I am ashamed to say I don’t know which generation I am although I do know my paternal grandmother came to Malaya at the age of 9. I do know that I am Toi Shan Cantonese and this dialect is only now spoken by geriatrics. Not many young people know this dialect anymore (damn, I am proud to be part of the ‘dinosaurs’).
Even in my family, only my dad, my younger sis and I speak this; it’s a convenient secret language between my sis and I whenever we want to bitch about people in public! My youngest sis has never picked up the dialect though she understands it well. She plain refuses to speak to me in that dialect, turning instead to regular Cantonese. My cousins don’t speak it either. But the funny thing is, it is such a beautiful familiar dialect but it’s dying out because no one bothers to teach their children. My uncles are guilty of this crime. They speak to their kids in English and Mandarin with smattering of Hokkien but no Toi Shan! A bigger shame!
My late maternal grandpa came from China too – I used to gawk at his red IC when I was a child and wondered why he never had blue ICs like us. Like most Cantonese, my maternal grandpa was a goldsmith in Penang for a number of years before he stopped working. My paternal grandpa (also deceased) is also Cantonese and was a tailor of fine suits at Leith Street. But that is all I know.

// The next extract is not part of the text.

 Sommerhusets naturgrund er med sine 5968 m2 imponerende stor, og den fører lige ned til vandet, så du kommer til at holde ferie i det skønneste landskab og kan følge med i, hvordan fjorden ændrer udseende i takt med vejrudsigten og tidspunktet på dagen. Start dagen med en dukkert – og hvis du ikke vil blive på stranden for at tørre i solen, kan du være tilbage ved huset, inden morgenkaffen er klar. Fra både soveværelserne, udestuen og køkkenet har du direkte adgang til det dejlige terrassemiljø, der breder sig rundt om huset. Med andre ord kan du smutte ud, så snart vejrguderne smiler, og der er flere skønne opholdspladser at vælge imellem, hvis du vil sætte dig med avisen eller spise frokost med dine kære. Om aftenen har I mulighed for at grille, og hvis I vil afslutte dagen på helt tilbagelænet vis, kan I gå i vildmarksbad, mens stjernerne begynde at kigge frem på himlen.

Which brings me to another issue: family roots. I’ve recently begun to ask more questions of my 88-year-old paternal grandma, or at least trying to ask her when she is in her more lucid moments. She floats in and out of senility but she is one happy senile woman. So most times I am left putting pieces of stories together, culled from recollections of my aunts and uncles, like a badly made jigsaw puzzle.

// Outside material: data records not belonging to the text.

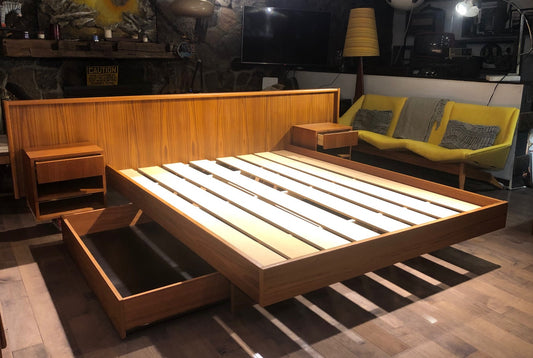 REFINISHED MCM Teak platform bed Queen with storage drawers, 2 night stands options, PERFECT
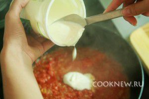 Добавляем в зажарку сметану и тщательно перемешиваем, продолжая тушить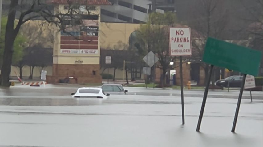A video sent to WBRZ shows several vehicles near LSU's campus submerged in rainwater, with water reaching up to the hoods.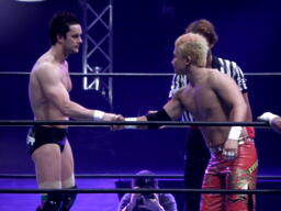 KUSHIDAが外道の制止を振り切ってApollo55と握手しようとする(右写真)。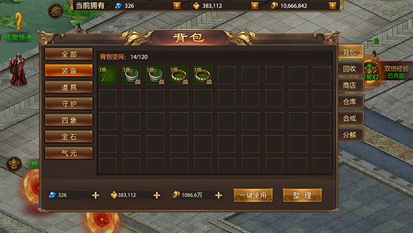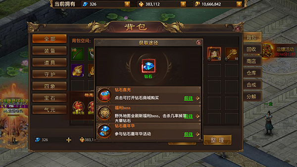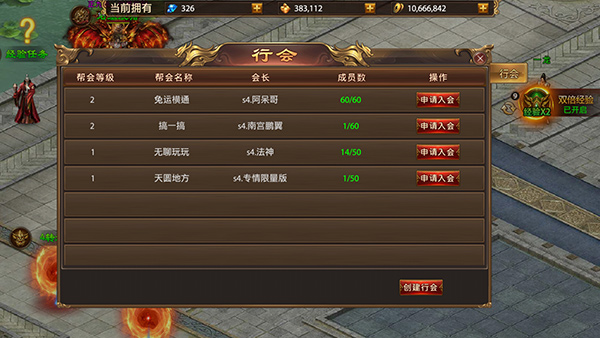 8、赶紧找个行会加了,跟兄弟们组队才能挑战更高级的BOSS。没事多看看行会仓库,大佬们用不上的装备经常会扔进去,运气好能捡到宝。行会红包也别忘了抢。

My aunts and uncles are all in their 50s and beyond so I had better ask them more before they start turning senile too. Many stories are stories of childhood years, in those days before TVs, handphones and the Internet. Many are stories of the early post-war Malaya, when people did not worry about locking their doors at night. I remembered one story where my 4th uncle as a child often sleptwalked! He’d walk right out of the double-storey house, but not before opening the grille door. He’ll sit himself down at the metal swing in the garden! Amazing.
But is it me or that the older I grow, the more I need to find out where I came from? It seems that way. Especially when I see 4 generations under one roof in my grandma’s home, and I think to myself, hey, I don’t REALLY know all their stories. I must start documenting them. I must.
So, do you know which village you are from?

9 thoughts on “Which Village Are You From?”

  1. My great-grandpa’s from Chaozhou. But never been there though…
    My mum’s ancestors from Fujian. I was there bout a year ago,
    but can’t find my favourite “Hokkien Mee” lah, hehe..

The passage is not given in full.